Personal information
- Full name: Joshua Vincent Alcala
- Date of birth: January 5, 1984 (age 41)
- Place of birth: Austin, Texas, United States
- Height: 5 ft 9 in (1.75 m)
- Position(s): Forward

Team information
- Current team: Austin Aztex
- Number: 13

Youth career
- 2002–2006: South Carolina Gamecocks

Senior career*
- Years: Team / Apps / (Gls)
- 2005: Austin Lightning / 7 / (0)
- 2007: Crystal Palace Baltimore / 19 / (3)
- 2008: Austin Aztex U23 / 9 / (1)
- 2009: Austin Aztex / 14 / (1)
- 2012–: Austin Aztex / 6 / (0)

= Josh Alcala =

American soccer player

Joshua Vincent "Josh" Alcala (born January 5, 1984, in Austin, Texas) is an American–born soccer player of Filipino and Hispanic descent. He is currently a free agent.

==Career==
===Early career===
Alcala grew up in Buda, Texas, attended Hays High School, and played college soccer at the University of South Carolina between 2002 and 2006, where during his senior year he was named the offensive MVP and received first-team honors in Conference USA. Alcala also played in the USL Premier Development League for Austin Lightning.

===Professional===
Alcala turned professional in December 2006, signing a contract with USL Second Division expansion side Crystal Palace Baltimore.
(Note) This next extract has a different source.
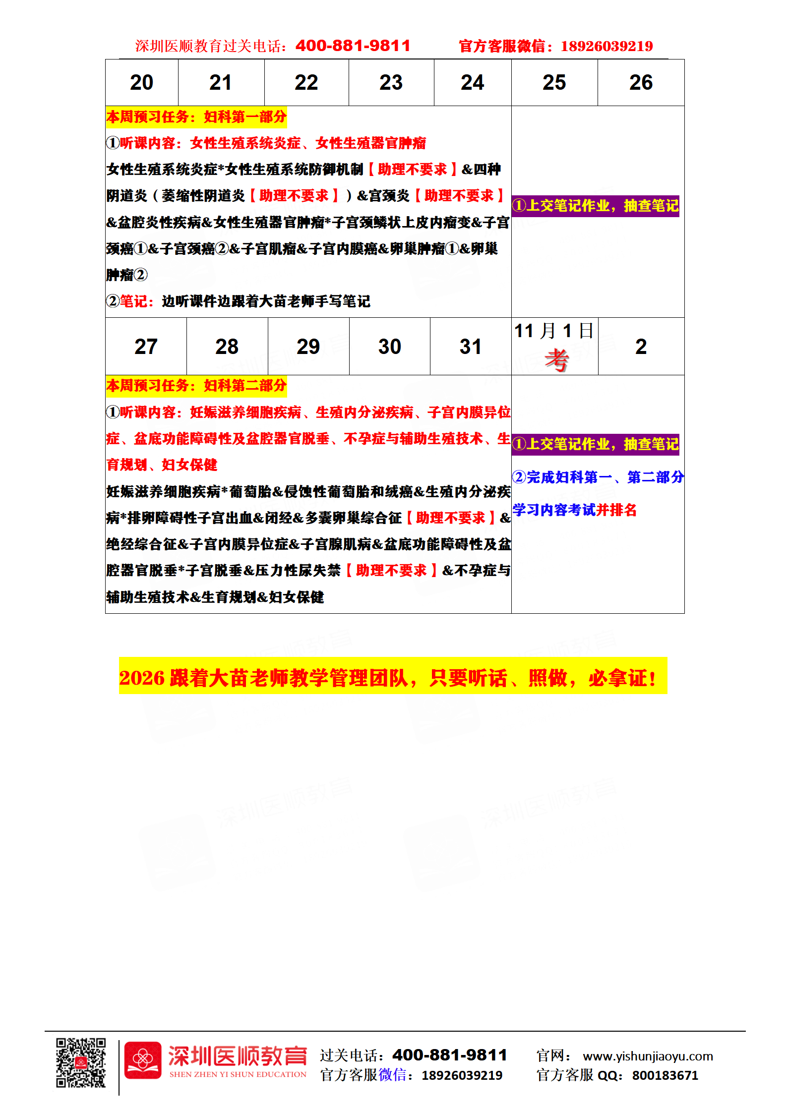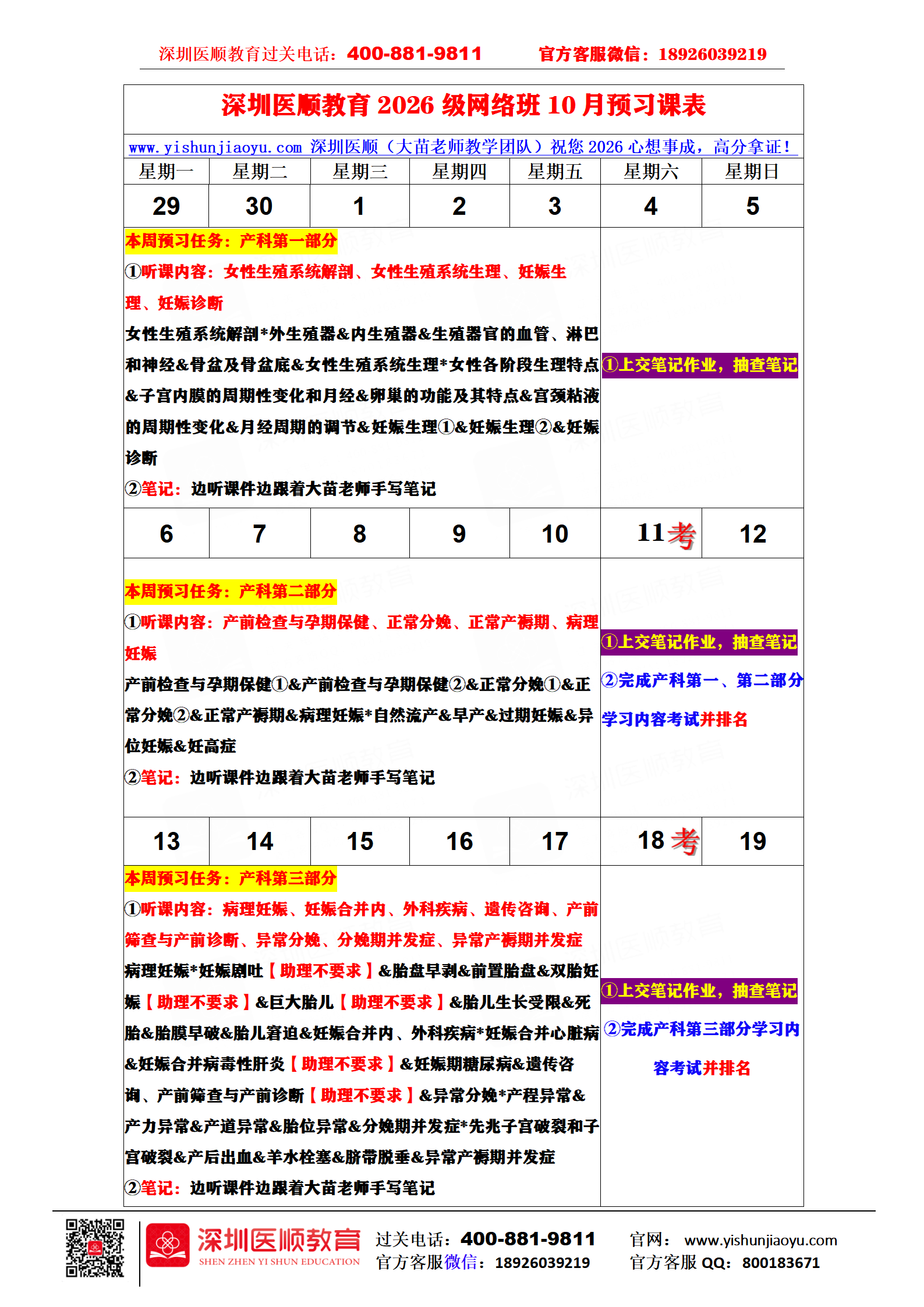 热烈欢迎您加入深圳医顺教育大苗老师教学管理团队,为确保2026顺利通关,让您提前赢在起跑线,请紧跟预习课表学习,做好听课/手写笔记/考试。

He made 19 appearances, and scored 3 goals for Palace, before leaving the club in October 2007.

In 2008, Alcala decided to join his hometown PDL team, Austin Aztex U23, in preparation for the debut of the senior Austin Aztex USL1 team in 2009. He formally signed for the Aztex on 26 March 2009. He was released by the Aztex at the end of the 2009 season.